Give back exactly the lines from the one that holds "Oryginalna karta Pokemon" through the final line of the data; omit the pictures and add nothing.

*** INFORMATION SHOWN

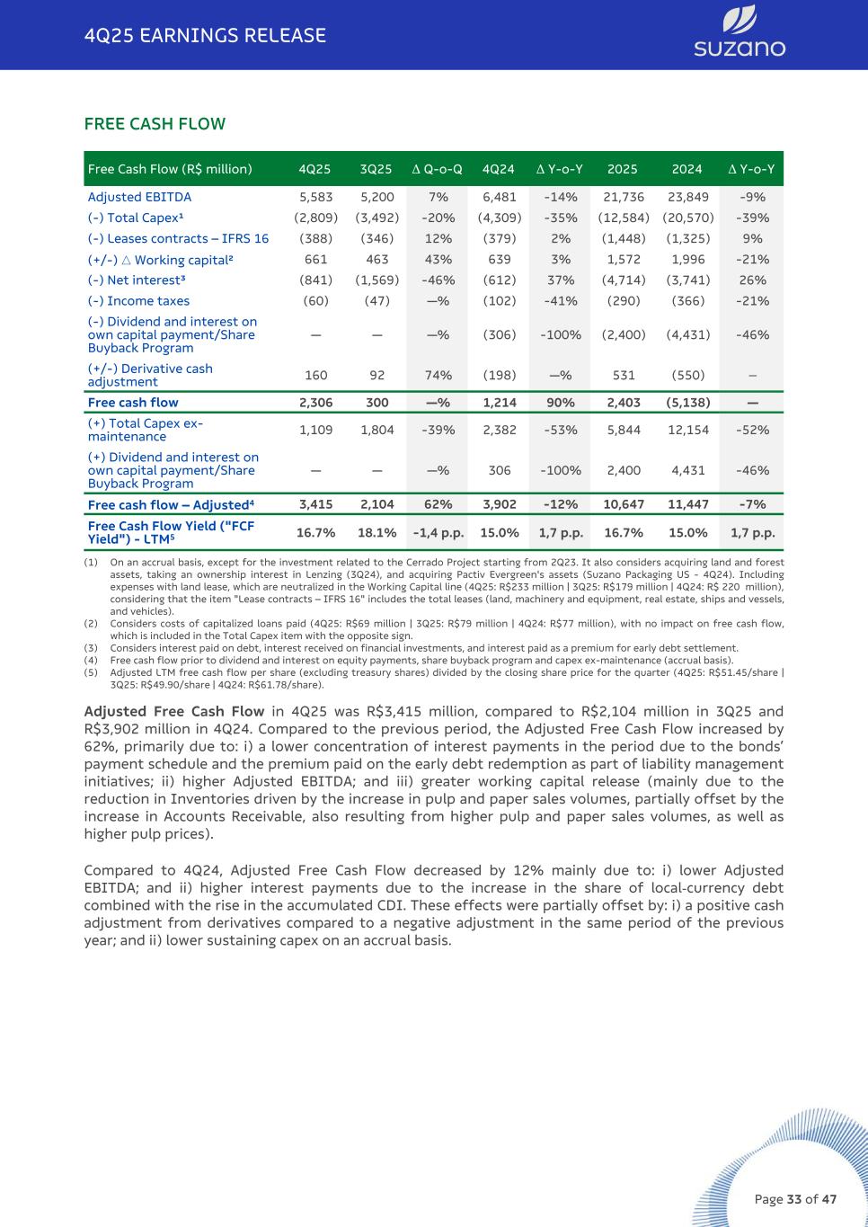 FREE CASH FLOW Free Cash Flow (R$ million) 4Q25 3Q25 Δ Q-o-Q 4Q24 Δ Y-o-Y 2025 2024 Δ Y-o-Y Adjusted EBITDA 5,583 5,200 7% 6,481 -14% 21,736 23,849 -9% (-) Total Capex¹ (2,809) (3,492) -20% (4,309) -35% (12,584) (20,570) -39% (-) Leases contracts – IFRS 16 (388) (346) 12% (379) 2% (1,448) (1,325) 9% (+/-) △ Working capital² 661 463 43% 639 3% 1,572 1,996 -21% (-) Net interest³ (841) (1,569) -46% (612) 37% (4,714) (3,741) 26% (-) Income taxes (60) (47) —% (102) -41% (290) (366) -21% (-) Dividend and interest on own capital payment/Share Buyback Program — — —% (306) -100% (2,400) (4,431) -46% (+/-) Derivative cash adjustment 160 92 74% (198) —% 531 (550) — Free cash flow 2,306 300 —% 1,214 90% 2,403 (5,138) — (+) Total Capex ex- maintenance 1,109 1,804 -39% 2,382 -53% 5,844 12,154 -52% (+) Dividend and interest on own capital payment/Share Buyback Program — — —% 306 -100% 2,400 4,431 -46% Free cash flow – Adjusted4 3,415 2,104 62% 3,902 -12% 10,647 11,447 -7% Free Cash Flow Yield ("FCF Yield") - LTM5 16.7% 18.1% -1,4 p.p. 15.0% 1,7 p.p. 16.7% 15.0% 1,7 p.p. (1) On an accrual basis, except for the investment related to the Cerrado Project starting from 2Q23. It also considers acquiring land and forest assets, taking an ownership interest in Lenzing (3Q24), and acquiring Pactiv Evergreen's assets (Suzano Packaging US - 4Q24). Including expenses with land lease, which are neutralized in the Working Capital line (4Q25: R$233 million | 3Q25: R$179 million | 4Q24: R$ 220 million), considering that the item "Lease contracts – IFRS 16" includes the total leases (land, machinery and equipment, real estate, ships and vessels, and vehicles). (2) Considers costs of capitalized loans paid (4Q25: R$69 million | 3Q25: R$79 million | 4Q24: R$77 million), with no impact on free cash flow, which is included in the Total Capex item with the opposite sign. (3) Considers interest paid on debt, interest received on financial investments, and interest paid as a premium for early debt settlement. (4) Free cash flow prior to dividend and interest on equity payments, share buyback program and capex ex-maintenance (accrual basis). (5) Adjusted LTM free cash flow per share (excluding treasury shares) divided by the closing share price for the quarter (4Q25: R$51.45/share | 3Q25: R$49.90/share | 4Q24: R$61.78/share). Adjusted Free Cash Flow in 4Q25 was R$3,415 million, compared to R$2,104 million in 3Q25 and R$3,902 million in 4Q24. Compared to the previous period, the Adjusted Free Cash Flow increased by 62%, primarily due to: i) a lower concentration of interest payments in the period due to the bonds’ payment schedule and the premium paid on the early debt redemption as part of liability management initiatives; ii) higher Adjusted EBITDA; and iii) greater working capital release (mainly due to the reduction in Inventories driven by the increase in pulp and paper sales volumes, partially offset by the increase in Accounts Receivable, also resulting from higher pulp and paper sales volumes, as well as higher pulp prices). Compared to 4Q24, Adjusted Free Cash Flow decreased by 12% mainly due to: i) lower Adjusted EBITDA; and ii) higher interest payments due to the increase in the share of local-currency debt combined with the rise in the accumulated CDI. These effects were partially offset by: i) a positive cash adjustment from derivatives compared to a negative adjustment in the same period of the previous year; and ii) lower sustaining capex on an accrual basis. 4Q25 EARNINGS RELEASE Page 33 of 47
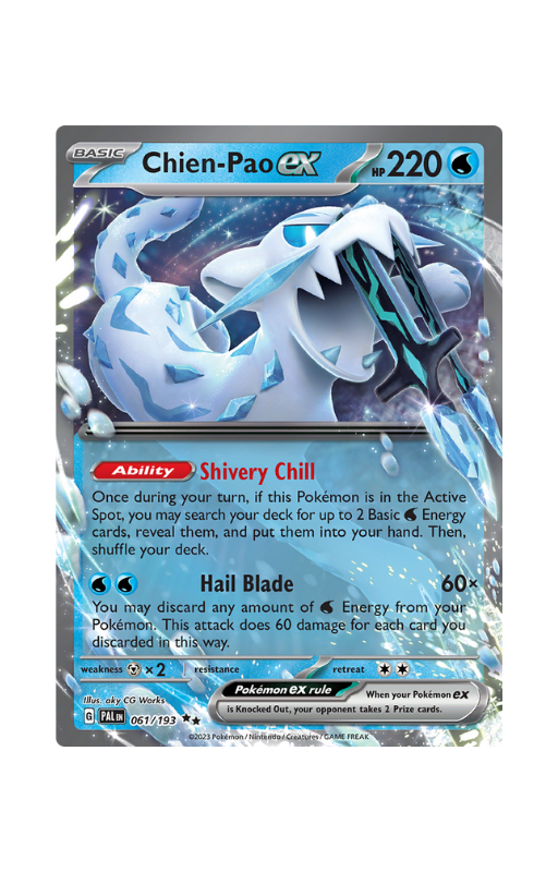 Oryginalna karta Pokemon Chien-Pao ex z setu Pokémon Paldea Evolved o skróconej numeracji PAL 061.
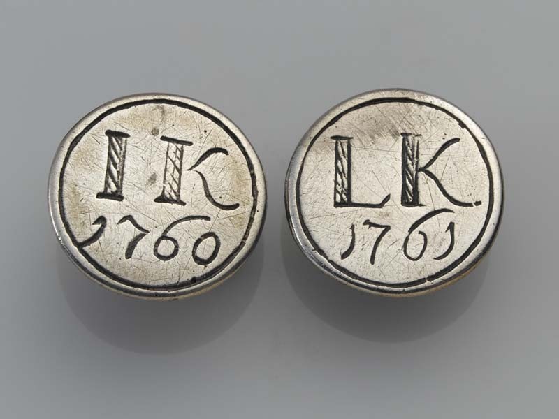 Twee platte, ronde knopen met achterop een oogje, met drukletters IK/1760 en LK/1761

******

YOUR RESPONSE:
 Oryginalna karta Pokemon Chien-Pao ex z setu Pokémon Paldea Evolved o skróconej numeracji PAL 061.
 Twee platte, ronde knopen met achterop een oogje, met drukletters IK/1760 en LK/1761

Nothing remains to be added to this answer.